Is it possible for $\nabla f=y\mathbf{i}-x\mathbf{j}$

Question

is it possible for a function $f(x,y)$ satisfying $\nabla f=y\mathbf{i}-x\mathbf{j}$ ?

Since $\frac{\partial^2 f}{\partial x\partial y}=-1$ and $\frac{\partial^2 f}{\partial y\partial x}=1$, thus $f$ should be singular.

I find a similar answer in wikipedia "Symmetry of second derivatives",

$f(x,y)=\frac{xy(x^2-y^2)}{x^2+y^2}$ for $(x,y)\ne(0,0)$ and $f(x,y)=0$ for $(x,y)=(0,0)$, however, this function just satisfies at $(x,y)=(0,0)$.

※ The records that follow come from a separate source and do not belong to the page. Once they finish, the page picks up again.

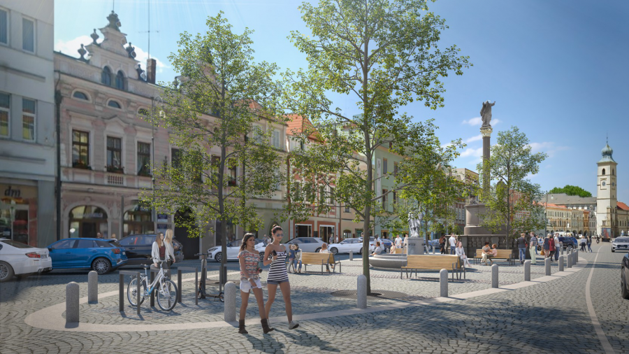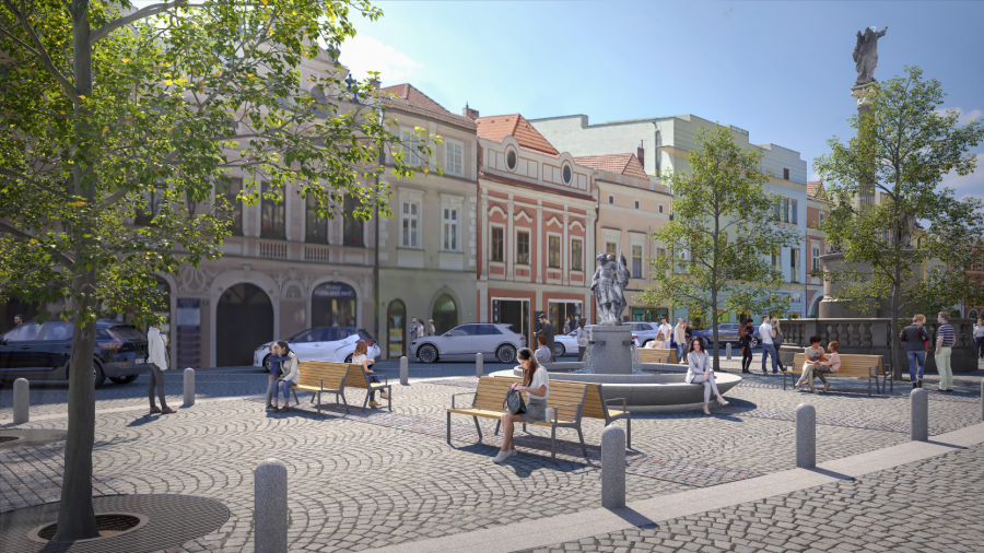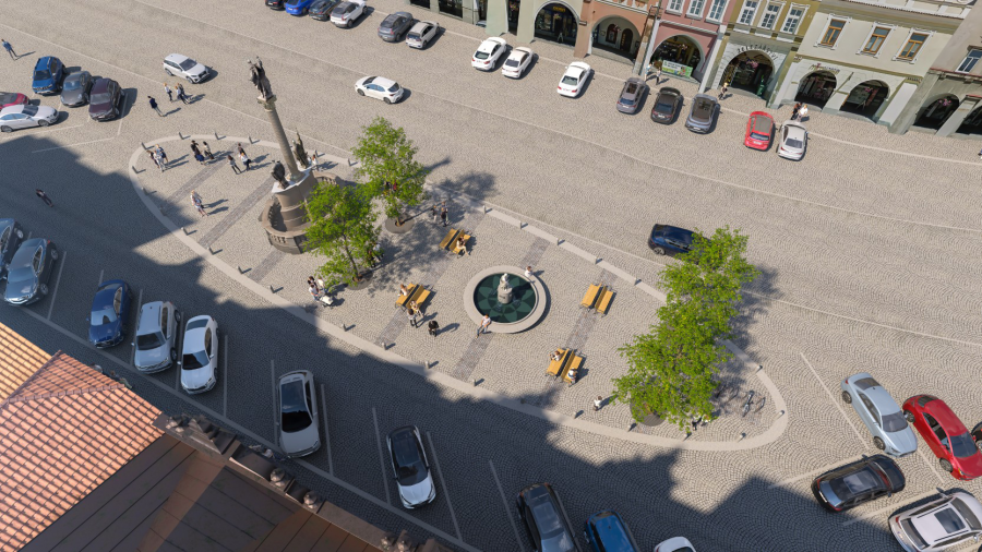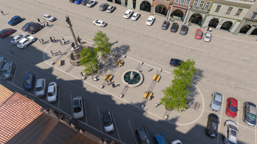 V prostoru budou dále umístěny lavičky s opěrákem, tak aby bylo možné sledovat jak kašnu, tak i morový sloup, stojany na kola a odpadkové koše. Výsledkem by mělo být jednoduché řešení, vytvářející atraktivní, srozumitelný a bezpečný prostor pro místní i návštěvníky města. Prostor, který nijak nekonkuruje významné památce - morovému sloupu a okolním historickým fasádám domů, ale naopak je vhodně doplňuje a akcentuje výjimečnost barokní památky.
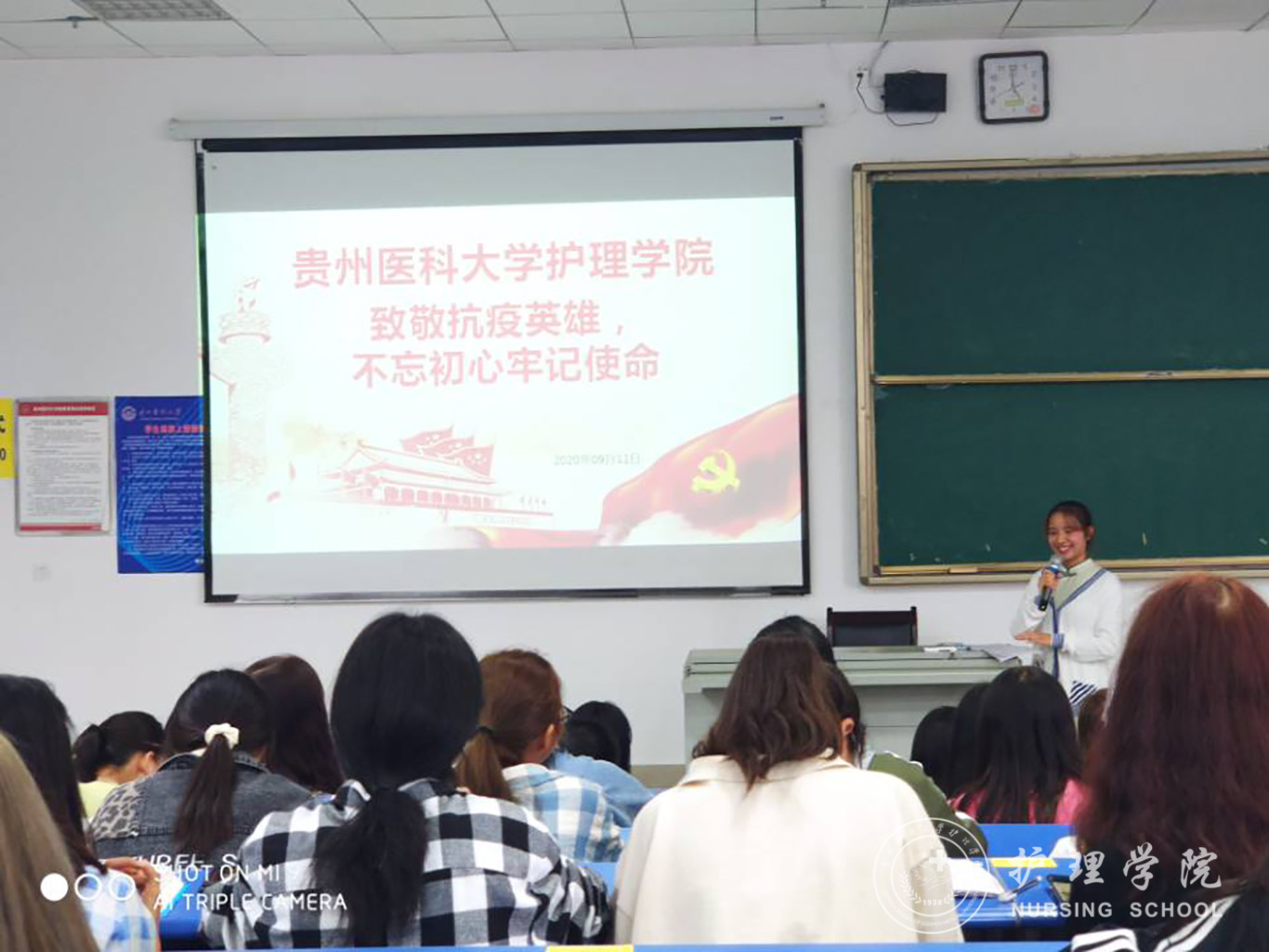 为了进一步加强对新一代青年大学生思想政治教育,树牢学生“四个自信”、“四个意识”,让学生充分感受到社会主义制度的优越性,培养学生勇于担当社会责任,向在抗击新冠疫情中不怕苦、不畏难的医疗前辈们学习。9月11日,allwincity万象城官方网站于南校区广德楼1501教室、北校区3102教室分别开展了“致敬抗疫英雄,不忘初心、牢记使命”主题团日宣讲活动。本次主题团日宣讲活动由2019级护理学甲班团支部书记张凤毅同学和2018级护理学甲班团支部书记蓝阔耀同学主持。
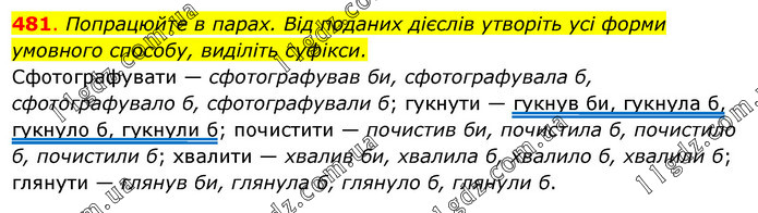 Попрацюйте в парах. Від поданих дієслів утворіть усі форми умовного способу, виділіть суфікси. Сфотографувати — сфотографував би, сфотографувала б, сфотографувало б, сфотографували б; гукнути — гукнув би, гукнула б, гукнуло б, гукнули б; почистити — почистив би, почистила б, почистило б, почистили б; хвалити — хвалив би, хвалила б, хвалило б, хвалили б; глянути — глянув би, глянула б, глянуло б, глянули б.

Does anybody know a function satisfies the condition in the whole variables domain?

Answer 1

You're requiring:

$f_x=y$ and $f_y=-x$

This requires

$f=xy+A(y)$ and $f=-xy+B(x)$

which implies $2xy=B(x)-A(y)$. Try and show this is impossible (remember, no y can appear in B and no x can appear in y). Try and consider some arbitrary function of x while holding y constant, then changing the constant.

Now no one says $f$ has to be twice continuously differentiable, so the symmetry of the second derivative doesn't have to hold, but the above already rules a function like this out.